--- SUPPLIED MATERIAL ---
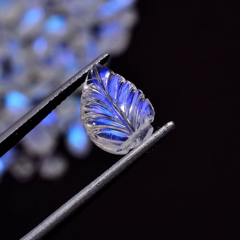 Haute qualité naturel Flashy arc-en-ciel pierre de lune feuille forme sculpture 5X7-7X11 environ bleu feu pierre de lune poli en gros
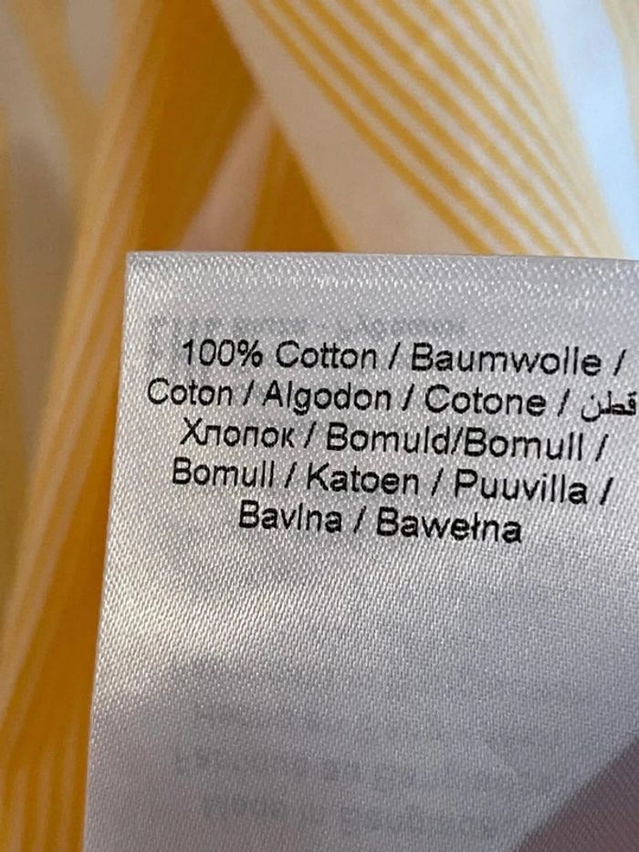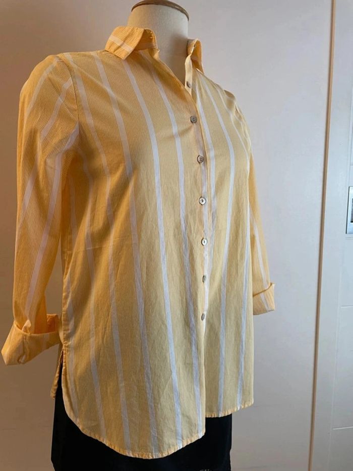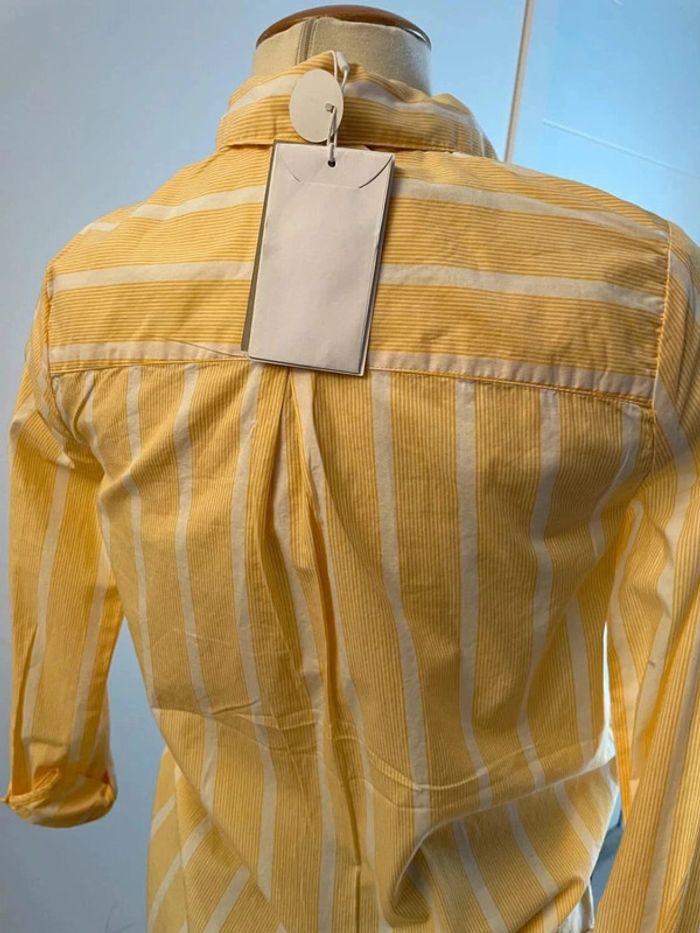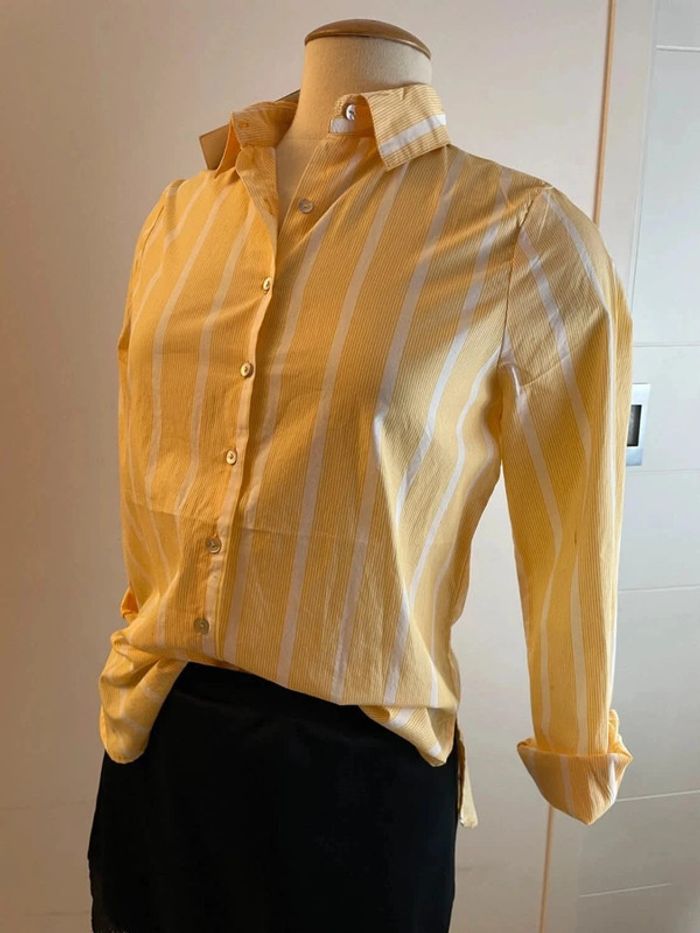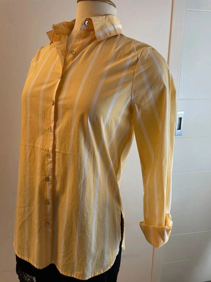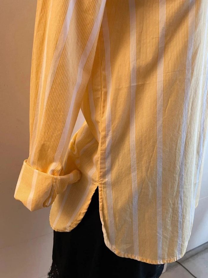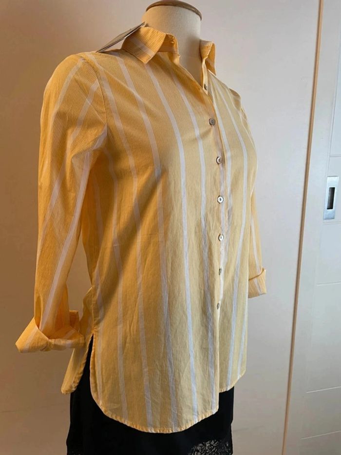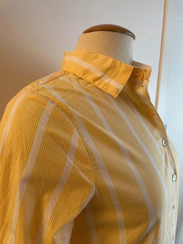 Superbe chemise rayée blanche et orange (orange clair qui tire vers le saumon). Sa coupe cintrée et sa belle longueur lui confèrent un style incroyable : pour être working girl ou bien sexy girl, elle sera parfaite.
--
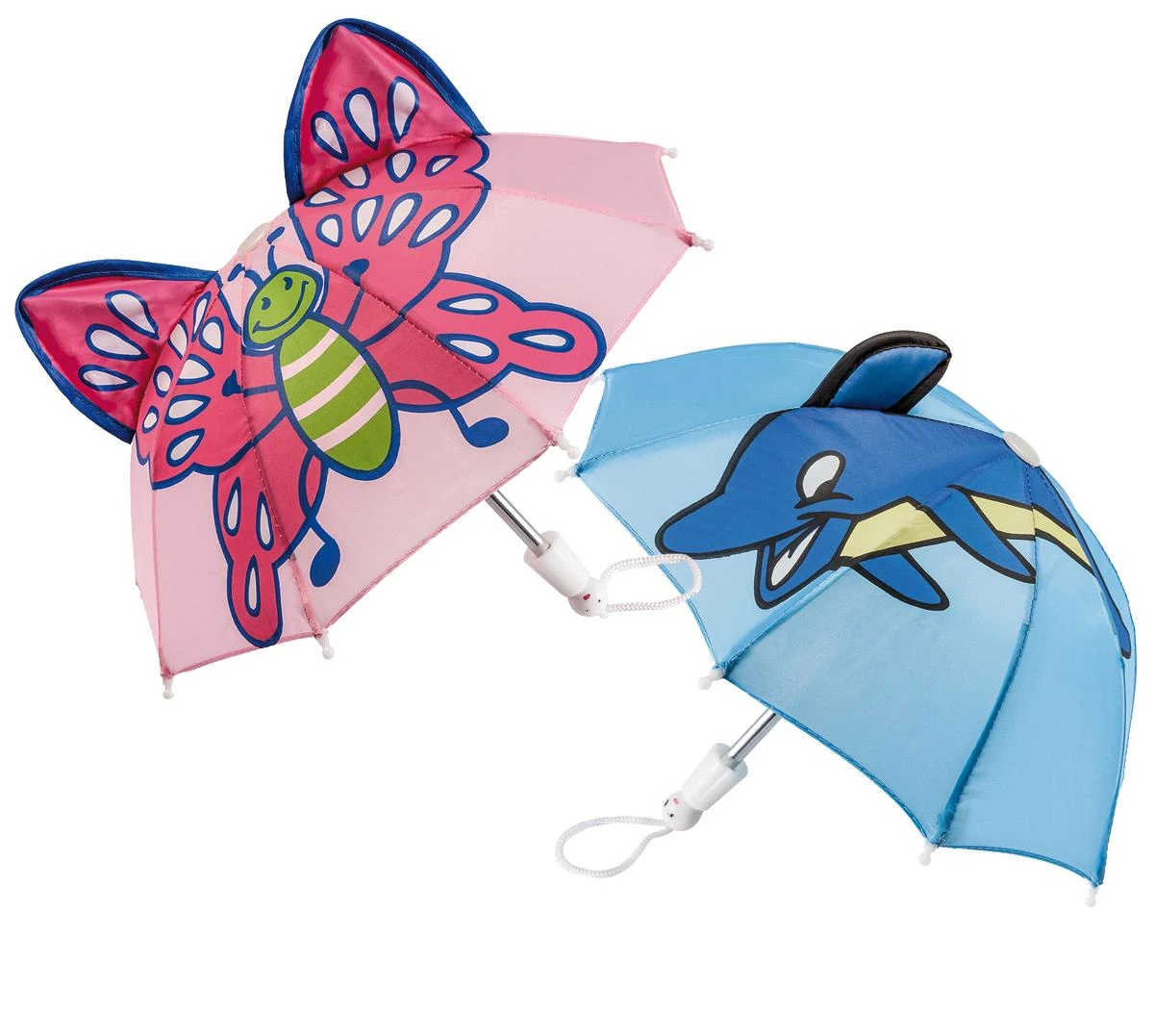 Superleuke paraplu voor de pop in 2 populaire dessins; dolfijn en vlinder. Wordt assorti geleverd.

--- ACTIVITY ---
The answer should consist only of the lines above from the one with "Haute qualité naturel" through the one with "Superbe chemise rayée", repeated exactly, with no pictures among them.

--- ANSWER BELOW ---
 Haute qualité naturel Flashy arc-en-ciel pierre de lune feuille forme sculpture 5X7-7X11 environ bleu feu pierre de lune poli en gros
 Superbe chemise rayée blanche et orange (orange clair qui tire vers le saumon). Sa coupe cintrée et sa belle longueur lui confèrent un style incroyable : pour être working girl ou bien sexy girl, elle sera parfaite.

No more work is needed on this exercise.